In regression and ANOVA, an interaction occurs when the effect of one independent variable on the dependent variable is different at different levels of another independent variable. When one or both of the independent variables is categorical, then two common strategies for dealing with interactions are stratifying and adding an interaction term. A somewhat less common method is classification and regression trees. Each has its advantages and disadvantages.
For example, suppose you are trying to explain voting behavior in the presidential election of 2012 and you have (among other things) data on
1) Who a person voted for (Obama, McCain, other, no one)
2) Their income (in dollars)
3) Their level of education (less than high school, high school, some college, college degree, some graduate school).
You suspect that education and income may interact: That is, you think that the effect of education on voting behavior is different among the wealthy, the middle class and the poor. Put another way, you suspect that the effect of income on voting behavior is different at different levels of education. How could you investigate this?
Since the dependent variable is categorical, with more than two categories that have no order, you probably want multinomial logistic regression (but see below). But how to deal with the interaction: You could stratify or you could add an interaction term. In stratification, you separate the data and run multiple models; here, you could run a regression for each level of education. Adding an interaction term is nearly always done by multiplying the two variables. In this case you would multiply the continuous variable income by the dummy codes for education.
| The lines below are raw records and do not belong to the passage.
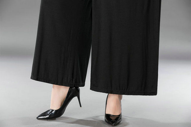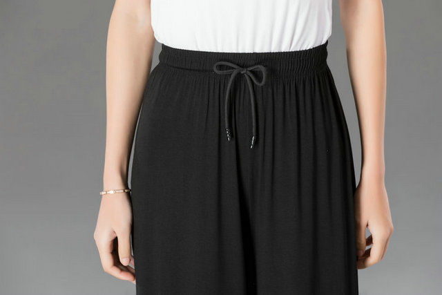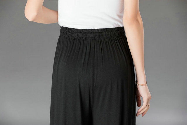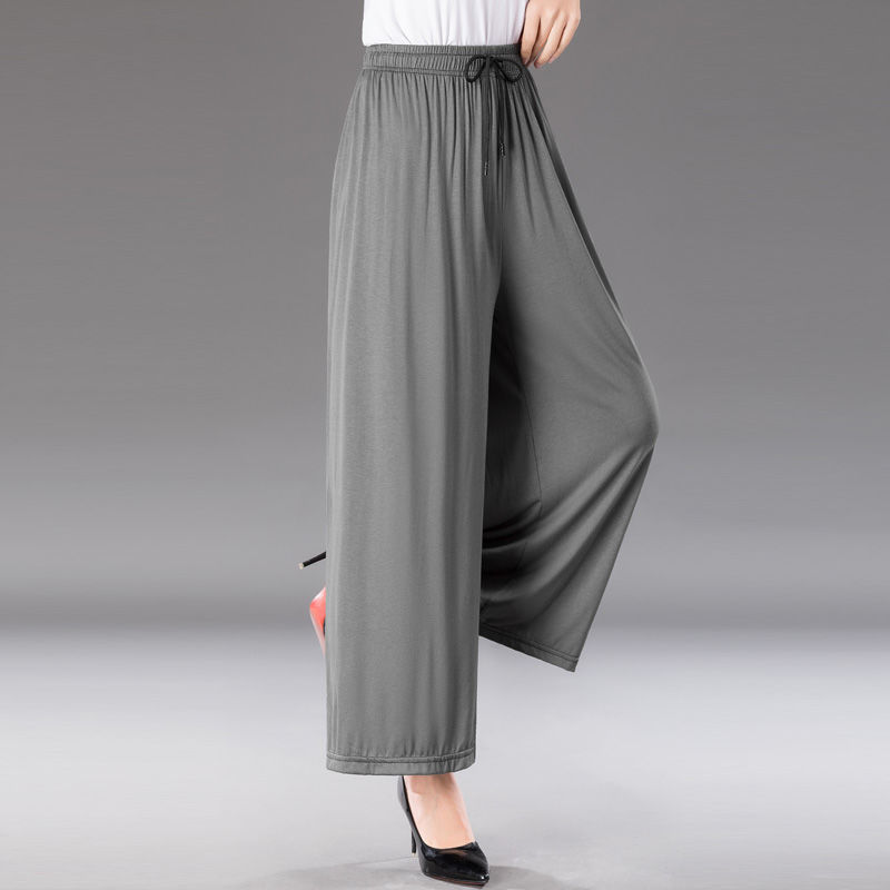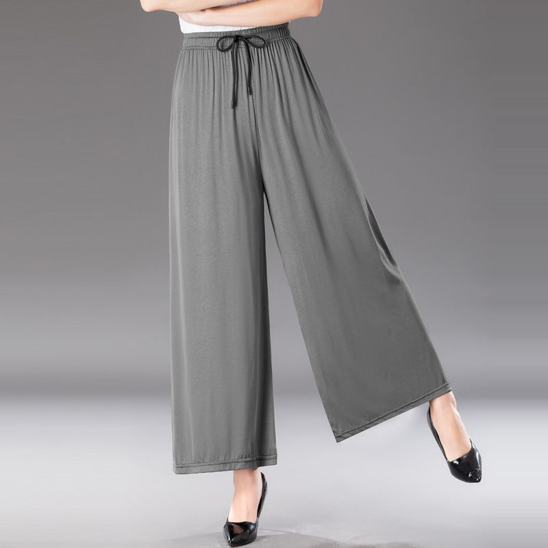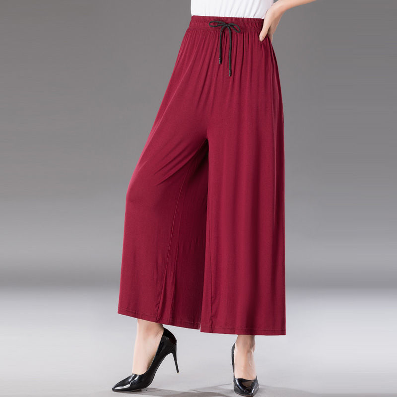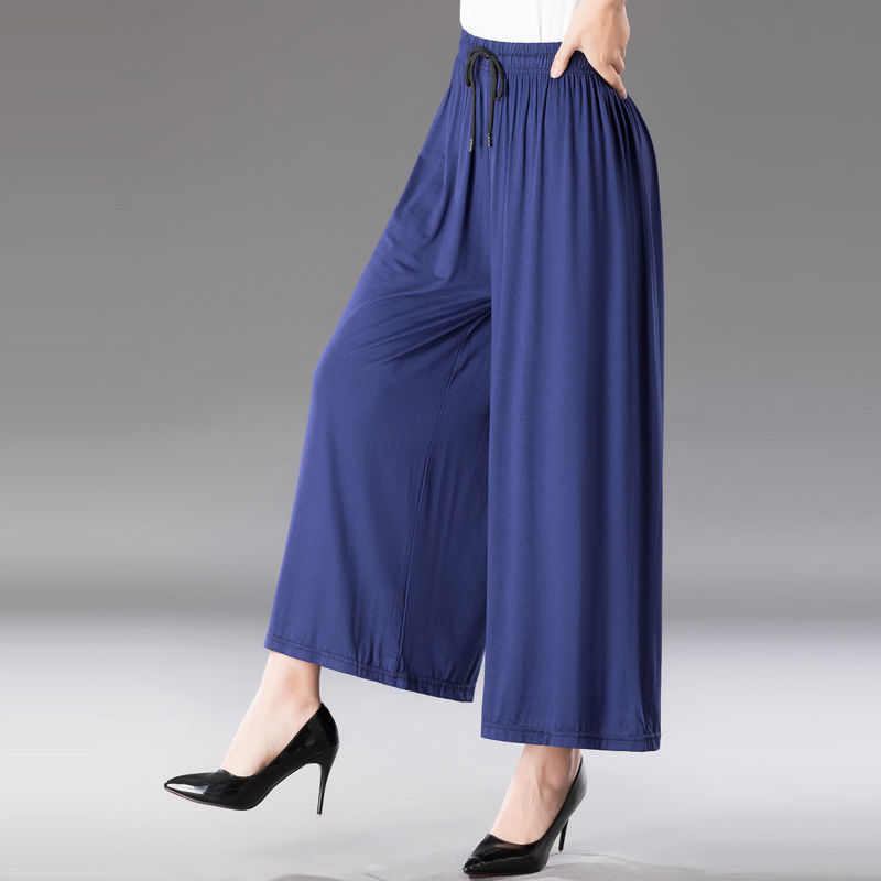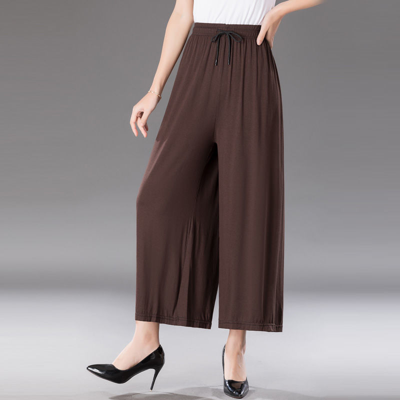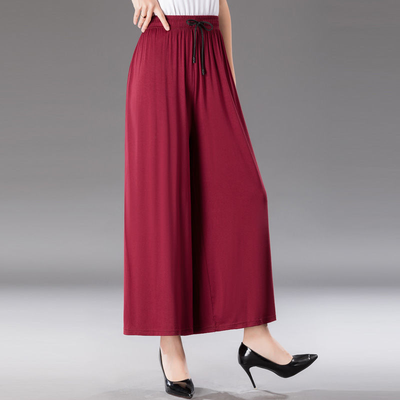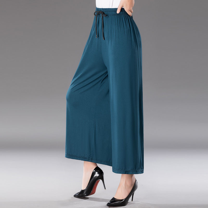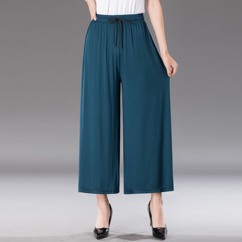 중년 및 노인 모달 넓은 다리 바지 여성의 높은 허리 처짐 여름 얇은 어머니의 잘린 바지 느슨한 치마 바지 플러스 사이즈 슬링 다리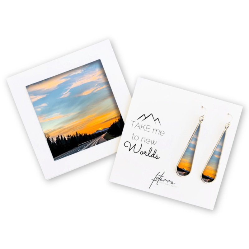 Mt. Katahdin Earrings:Whether you're imagining a peaceful stroll through a winter wonderland or simply taking in the beauty of a snow-capped mountain, these earrings aresure to remind you of nature's serenity. The soft light illuminating Mt. Katahdin creat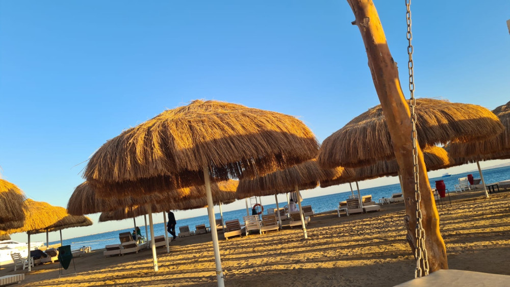 Pláž: 80m, soukromá, hlídaná plavčikem, písek, pozvolný vstup bez mola, poblíž korálové podloží, slunečníky a lehátka v ceně, restaurace. Možnost šnorchlování a potápění. Krásné moře.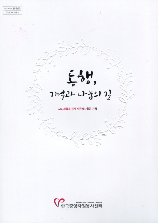 한국중앙자원봉사센터가 참사의 슬픔에 공감하는 많은 사람들이 자원봉사자로 참여한 사실을 기록하려는 취지에서 ‘4·16 세월호 참사 자원봉사활동 기록-동행, 기억과 나눔의 길’이란 책자를 펴냈다.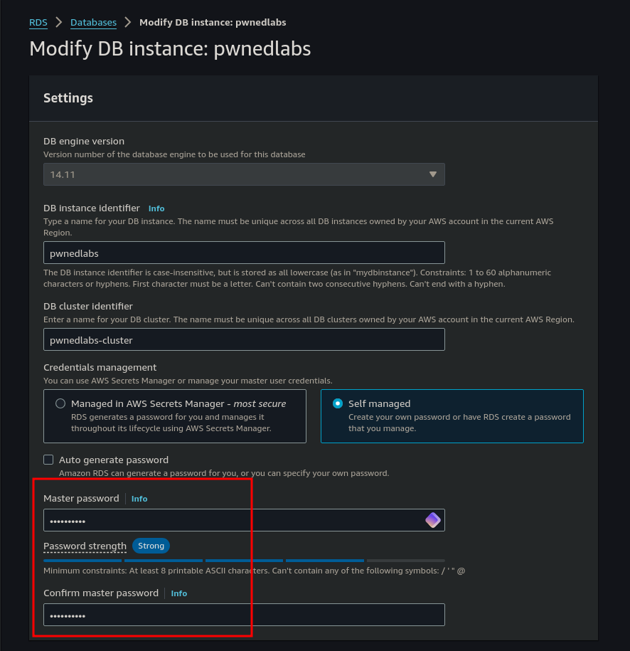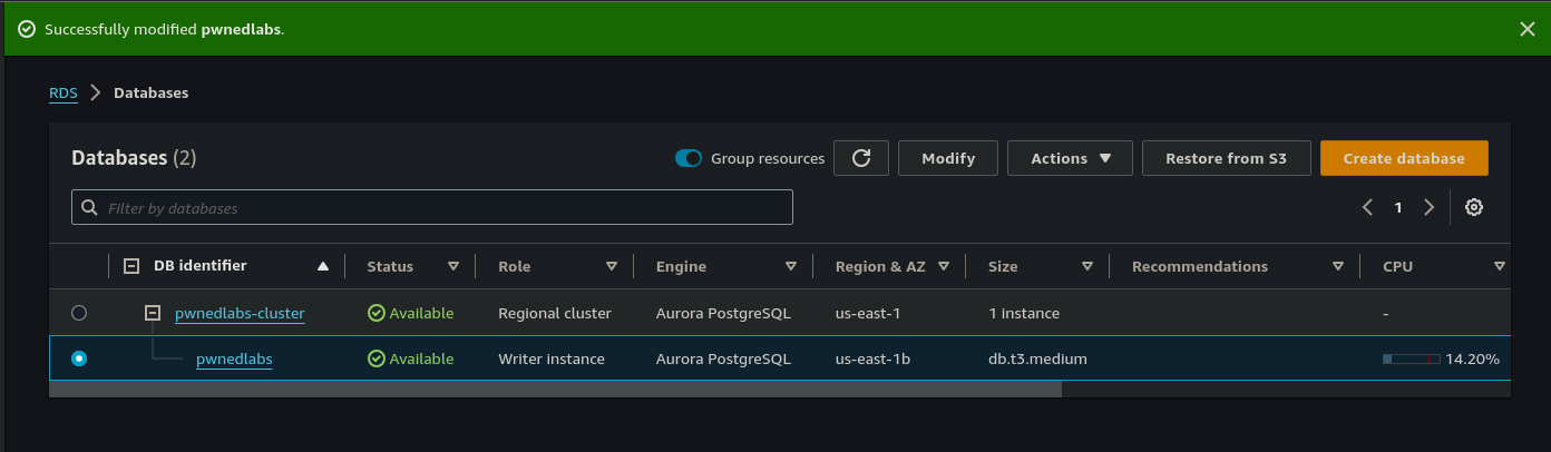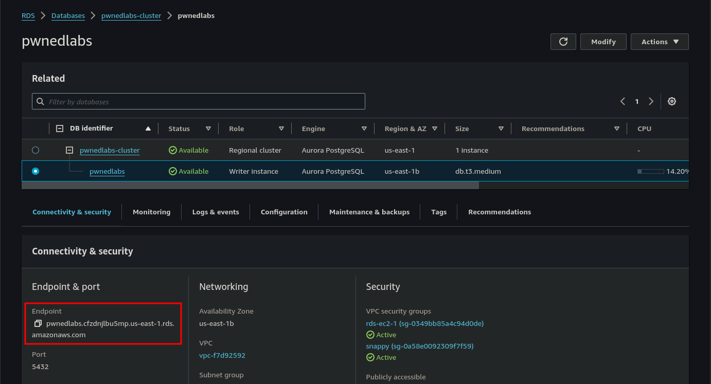 [ec2-user@ip-172-31-2-135 ~]$ psql -h pwnedlabs.cfzdnjlbu5mp.us-east-1.rds.amazonaws.com -U postgres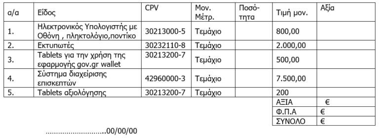 Περιλαμβάνει: Την παραγγελία λήψη, προετοιμασία και έλεγχο εξοπλισμού και την αποστολή / παράδοση στα ΚΕΠ.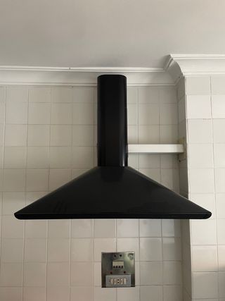 Campana extractora de cocina en color negro. Diseño moderno y elegante. - Acabado en negro mate. - Forma piramidal. - Incluye tubo de extracción.

Stratifying has the advantage of being easier to understand. The output for the model for people with, e.g., a high school education indicates the relationship between income and voting for high school graduates. It has the disadvantage of 1) Producing a lot of output (one regression for each stratum) and 2) Not providing estimates, p values or confidence intervals for the interaction. Adding an interaction term has the advantage of producing a single output with all terms evaluated, but the disadvantage of having many parameters to estimate (4 additional terms, in our example) and being harder to understand (understanding the parameter estimates for interaction terms is often confusing).
Another choice is a tree. In tree models, all the subjects (here, people) start out together. Then the computer finds the best way to split them into different types of voters (e.g. perhaps it splits “people with over $50,000 income” from those with less). These become new nodes and each is split again. Trees have the advantage of being able to find types of interactions that are hard to find with regression (particularly when there are many variables) and of producing a graphical output that is easy to understand. They have the disadvantage of being unfamiliar and of not producing the familiar parameter estimates. In addition, they may be unstable if the sample size is not large.
Which should you choose? That depends on your situation, but you might choose more than one!